Witnesses testifying before the conversion panel. Photo: Marc Israel Sellem
The ITIM religious services and advocacy group has filed a petition with the
High Court of Justice demanding that the Interior Ministry recognize Orthodox
conversions performed in Israel in non-state Orthodox rabbinical
courts.
The state conversion authority, which comes under the auspices of
the Prime Minister’s Office, is the only body in the country through which an
Orthodox convert can gain legal recognition that he or she is Jewish.
But
many Orthodox conversion candidates have in recent years sought to convert in
non-state Orthodox rabbinical courts, largely because of bureaucratic obstacles
and inefficiencies in the state run system.

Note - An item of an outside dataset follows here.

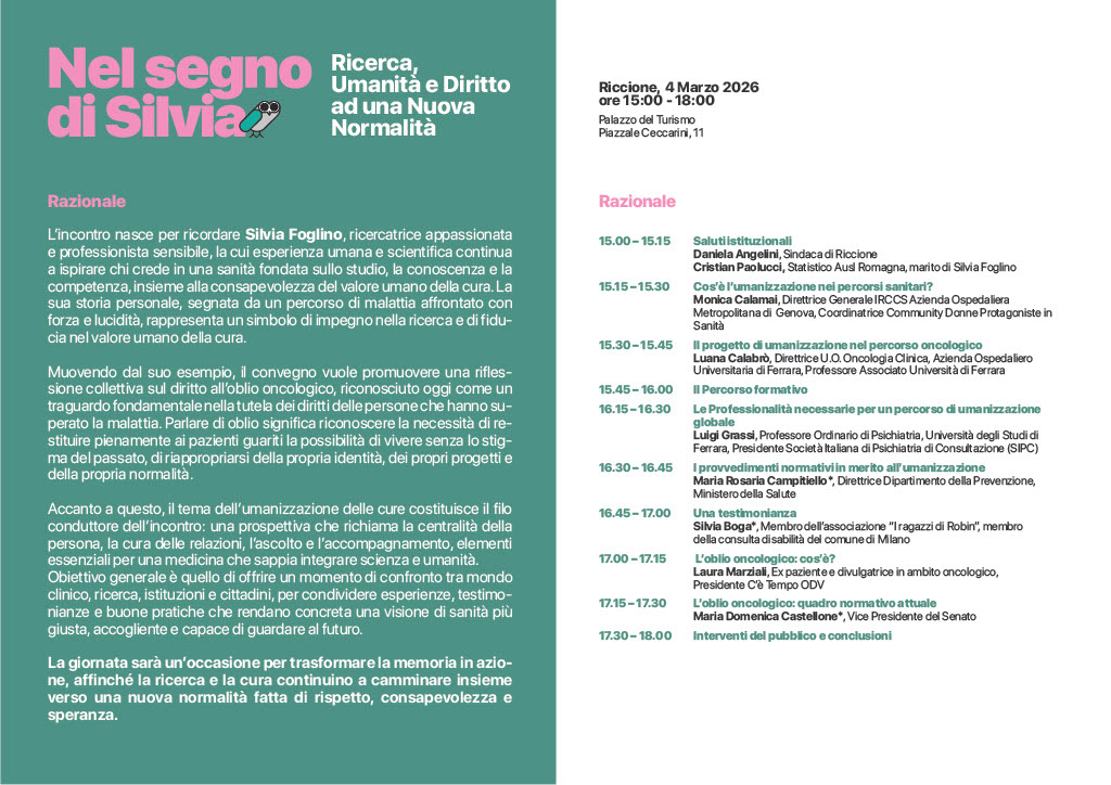 L’appuntamento nasce per ricordare Silvia Foglino, ricercatrice appassionata e professionista sensibile, la cui esperienza umana e scientifica continua a ispirare chi crede in una sanità fondata sullo studio, la conoscenza e la competenza, insieme alla consapevolezza del valore umano della cura. La sua storia personale, segnata da un percorso di malattia affrontato con forza e lucidità, rappresenta un simbolo di impegno nella ricerca e di fiducia nel valore umano della cura. Muovendo dal suo esempio, il convegno vuole promuovere una riflessione collettiva sul diritto all’oblio oncologico, riconosciuto oggi come un traguardo fondamentale nella tutela dei diritti delle persone che hanno superato la malattia, affinché possano riappropriarsi della propria identità e dei propri progetti senza lo stigma del passato. Al centro dell’incontro anche il tema dell’umanizzazione delle cure: una prospettiva che richiama la centralità della persona, la cura delle relazioni, l’ascolto e l’accompagnamento, elementi essenziali per una medicina che sappia integrare scienza e umanità.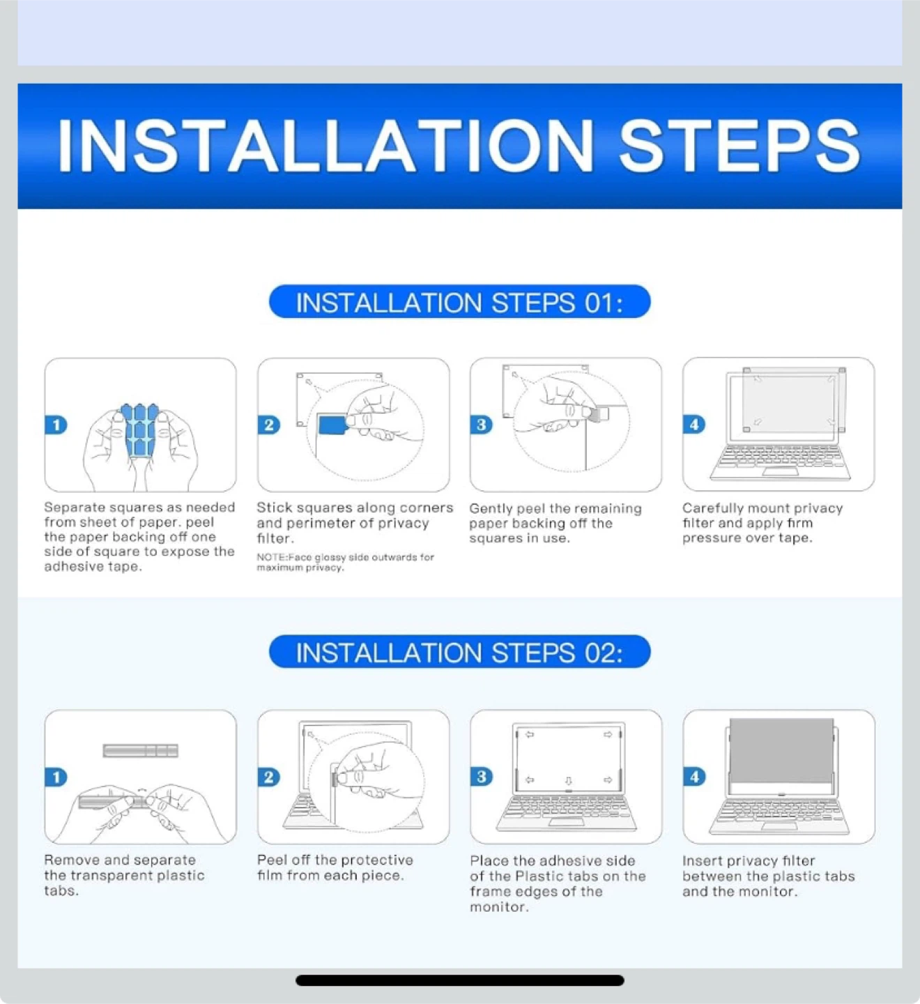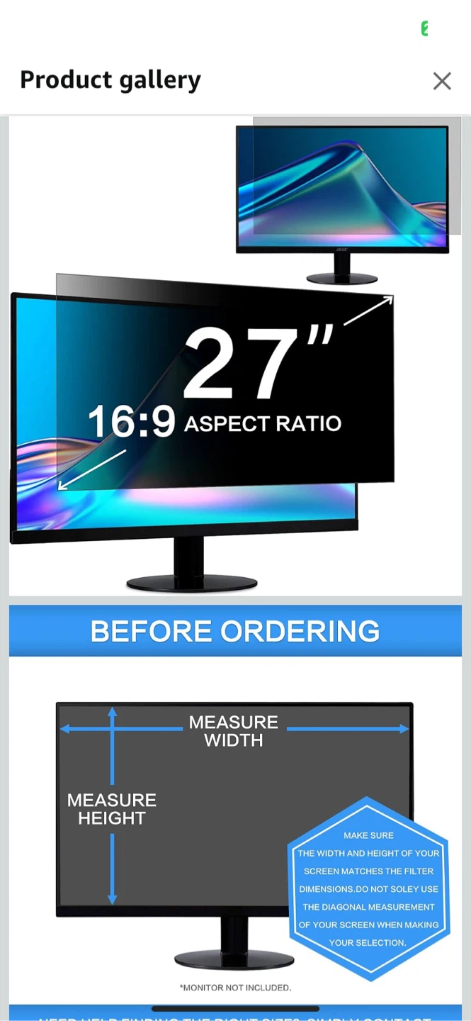 Selling a 27 inch (16:9) privacy screen for monitors. It's in great condition and ready to use! This screen helps keep your work private and reduces glare. Easy to install with included instructions

ITIM claims that the state
has “implemented policies that reject converts out of hand, because of their
personal status as tourists, students or spouses of Israelis,” and that this has
given rise to increased demand for conversion in non-state Orthodox conversion
courts.
The organization cited one case in its petition in which a woman
from South America, who wishes to remain anonymous, applied to the state
conversion authority to convert in 2007, but was only accepted by its Exceptions
Committee to begin the conversion process in 2010.
She had, however,
become frustrated with the system by this time and had already approached the
haredi Badatz rabbinical court of Rabbi Nissim Karelitz in Bnei Brak, which
accepted her for conversion.
She successfully completed her conversion
course through Karelitz’s rabbinical court and in March 2011 was registered by a
state rabbinical court as Jewish.
The woman subsequently married and had
a child, but because she is not registered in the Interior Ministry’s population
registry as Jewish, her child is not considered Jewish by the state.
In a
separate case, another woman converted under the auspices of the respected
Orthodox scholar Rabbi Adin Steinsaltz and his private rabbinical court. Her
conversion was also subsequently accepted by a state rabbinical court, which
wrote to the Interior Ministry requesting that her status be changed
accordingly, a request that was nevertheless refused.
According to ITIM,
approximately 10 percent of conversions conducted in the country are carried out
in non-state rabbinical courts.
The Interior Ministry is concerned with
the precedent of accepting converts who have not converted through the state
system, fearing that the process would lose the requisite oversight and
regulation.
ITIM’s petition argues that the ministry has exceeded its
authority by essentially monopolizing the ability to determine who is a Jew, and
demands that it make public its criteria for establishing this.
The
organization also requested in its suit that the court issue an injunction
against the Interior Ministry, to compel it to recognize the conversion of the
two women, who are party to its suit, together with two further
cases.
ITIM director Orthodox Rabbi Seth Farber said that the petition
was “a good opportunity to open doors of conversion to more people who are
looking for alternative Orthodox conversion routes.”